_WHAT IS NEEDED_: Output the listing word for word, minus images.

_MATERIAL PROVIDED_:
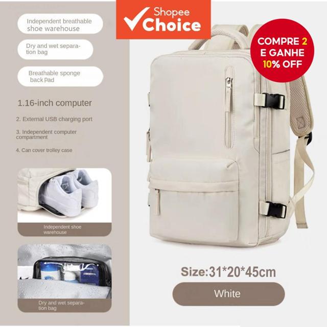 Catalogado na subcategoria Mochilas de Notebook (de Bolsas Femininas), Mochila de Viagem Feminina | Multifuncional, Resistente à Água, Bolsa para Laptop Expansível, Design Reforçado está à venda na Shopee Brasil por R$ 79,46 (21% de desconto sobre o preço original de R$ 100,58). Nota 5.0 de 5 na Shopee e 1 unidade vendida, este produto se destaca pelo excelente custo-benefício.
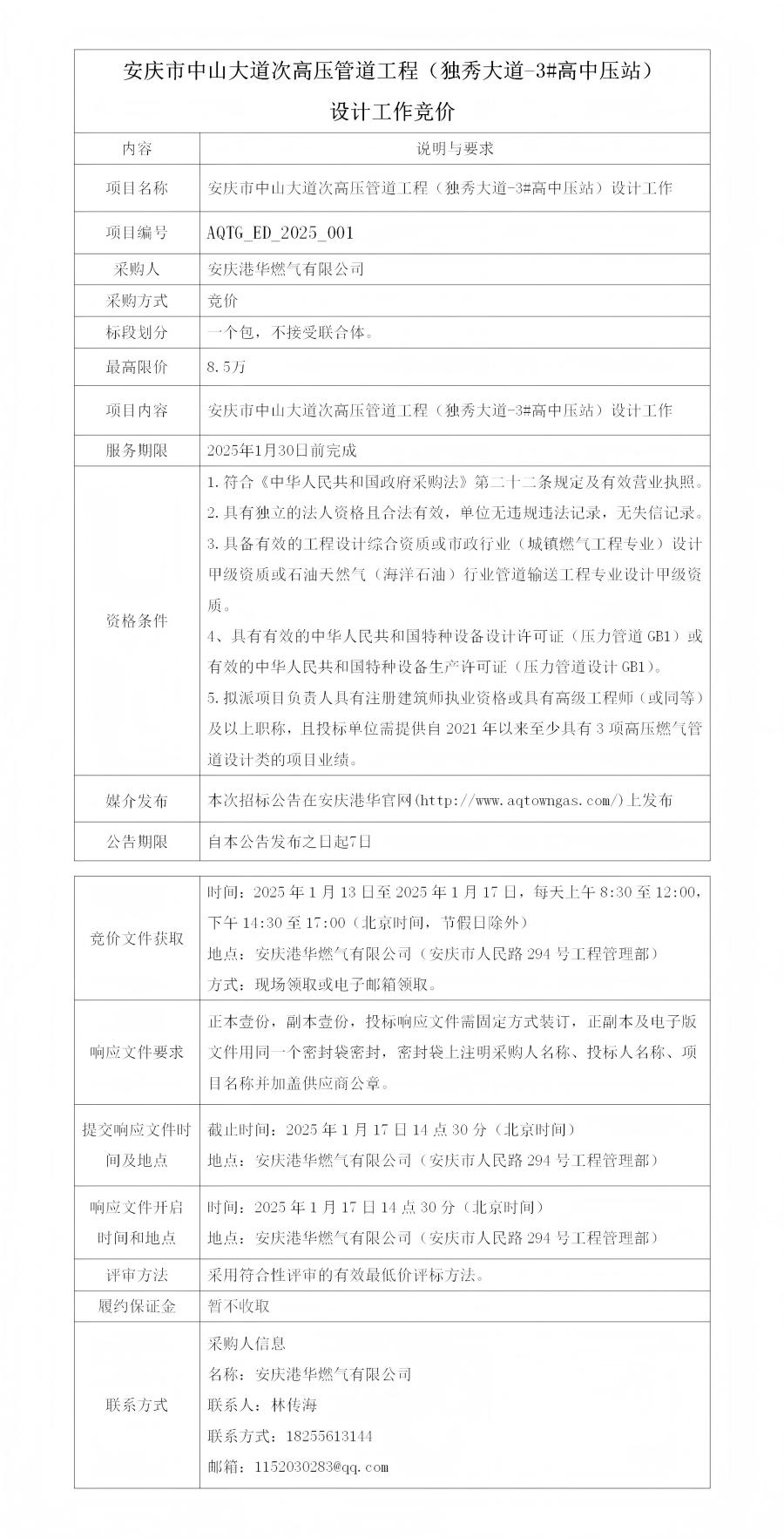 安慶市中山大道次高壓管道工程(獨(dú)秀大道-3#高中壓站)設(shè)計(jì)工作競價(jià)
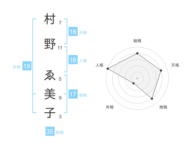 村野 ゑ美子さんの外格は19画の1点!
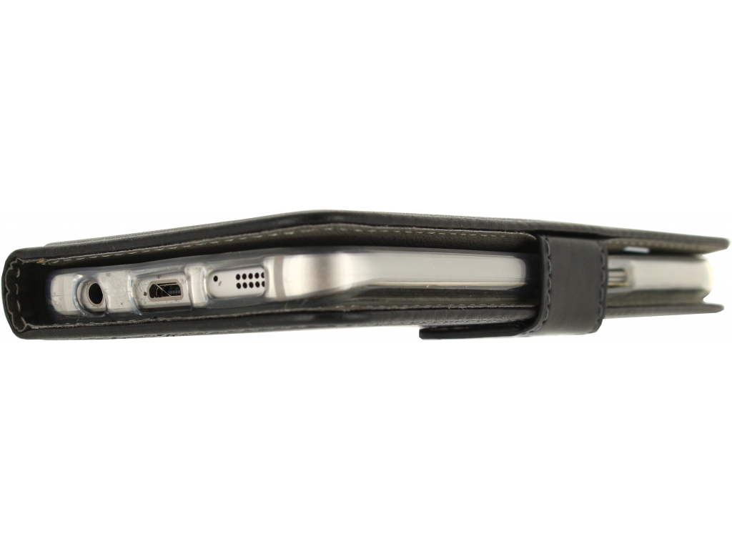 De vele uitsparingen in de Gelly zorgen er voor dat u alle knoppen en aansluitingen goed kunt blijven gebruiken. Het voordeel van een Gelly cover is dat deze door zijn flexibiliteit langer meegaat en niet breekt. De case in zijn geheel is mooi compact en u hem daarom gemakkelijk overal mee naar toe nemen. Aan de linker binnenkant van de case zitten twee horizontale vakken voor pasjes en één verticaal vak voor briefgeld.
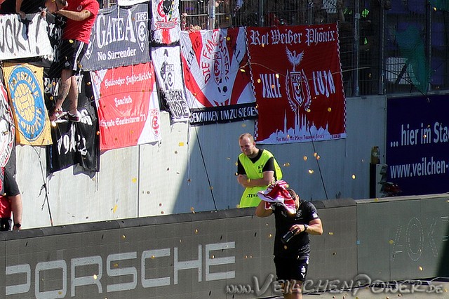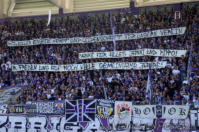 Die FC Erzgebirge Aue-Fans verabschiedeten sich beim Heimspiel gegen den HFC von Jan Hochscheidt und Philipp Riese, die zusammen 473 Pflichtspiele für Aue bestritten und ihre Laufbahnen als aktive Fußballer beendeten. „471 x voller Einsatz, Kampf und Leidenschaft für unseren Verein – Danke für alles Janni und Pippo! Wir freuen uns auf noch viele gemeinsame Jahre!“, honorierten die FC Erzgebirge-Fans diese Leistung.
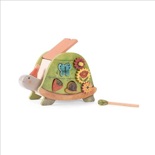 Bellissima tartaruga piena di attività in legno per bambini! Ognuna delle 4 facce gli promette attraenti scoperte di gioco e di apprendimento: pallottoliere, forme da incastrare, ruote dentate da girare, specchio, xilofono…
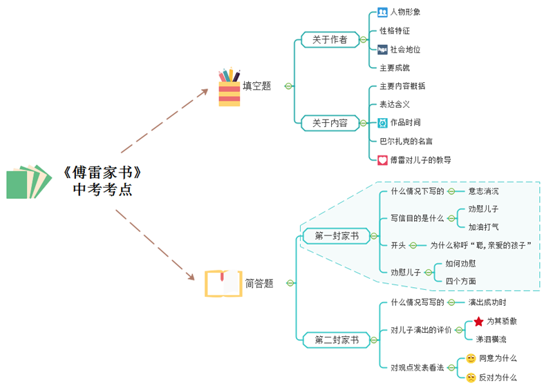作为中国家庭教育的典范,《傅雷家书》的部分内容被收录至人教版九年级上册语文课本中,并且作为考点之一,许多初中生也被要求阅读。这个年龄段想要真正理解这本书其实是有困难的,很多人都是因为考试才强制性阅读,所以很多学生党对这本书的评价并不友好。用思维导图软件来做考点复习,不仅能够帮助我们更好的理解记忆,也能提高我们的复习效率,学习更轻松。

_REPLY TO THE TASK_:
 Catalogado na subcategoria Mochilas de Notebook (de Bolsas Femininas), Mochila de Viagem Feminina | Multifuncional, Resistente à Água, Bolsa para Laptop Expansível, Design Reforçado está à venda na Shopee Brasil por R$ 79,46 (21% de desconto sobre o preço original de R$ 100,58). Nota 5.0 de 5 na Shopee e 1 unidade vendida, este produto se destaca pelo excelente custo-benefício.
 安慶市中山大道次高壓管道工程(獨(dú)秀大道-3#高中壓站)設(shè)計(jì)工作競價(jià)
 村野 ゑ美子さんの外格は19画の1点!
 De vele uitsparingen in de Gelly zorgen er voor dat u alle knoppen en aansluitingen goed kunt blijven gebruiken. Het voordeel van een Gelly cover is dat deze door zijn flexibiliteit langer meegaat en niet breekt. De case in zijn geheel is mooi compact en u hem daarom gemakkelijk overal mee naar toe nemen. Aan de linker binnenkant van de case zitten twee horizontale vakken voor pasjes en één verticaal vak voor briefgeld.
 Die FC Erzgebirge Aue-Fans verabschiedeten sich beim Heimspiel gegen den HFC von Jan Hochscheidt und Philipp Riese, die zusammen 473 Pflichtspiele für Aue bestritten und ihre Laufbahnen als aktive Fußballer beendeten. „471 x voller Einsatz, Kampf und Leidenschaft für unseren Verein – Danke für alles Janni und Pippo! Wir freuen uns auf noch viele gemeinsame Jahre!“, honorierten die FC Erzgebirge-Fans diese Leistung.
 Bellissima tartaruga piena di attività in legno per bambini! Ognuna delle 4 facce gli promette attraenti scoperte di gioco e di apprendimento: pallottoliere, forme da incastrare, ruote dentate da girare, specchio, xilofono…
作为中国家庭教育的典范,《傅雷家书》的部分内容被收录至人教版九年级上册语文课本中,并且作为考点之一,许多初中生也被要求阅读。这个年龄段想要真正理解这本书其实是有困难的,很多人都是因为考试才强制性阅读,所以很多学生党对这本书的评价并不友好。用思维导图软件来做考点复习,不仅能够帮助我们更好的理解记忆,也能提高我们的复习效率,学习更轻松。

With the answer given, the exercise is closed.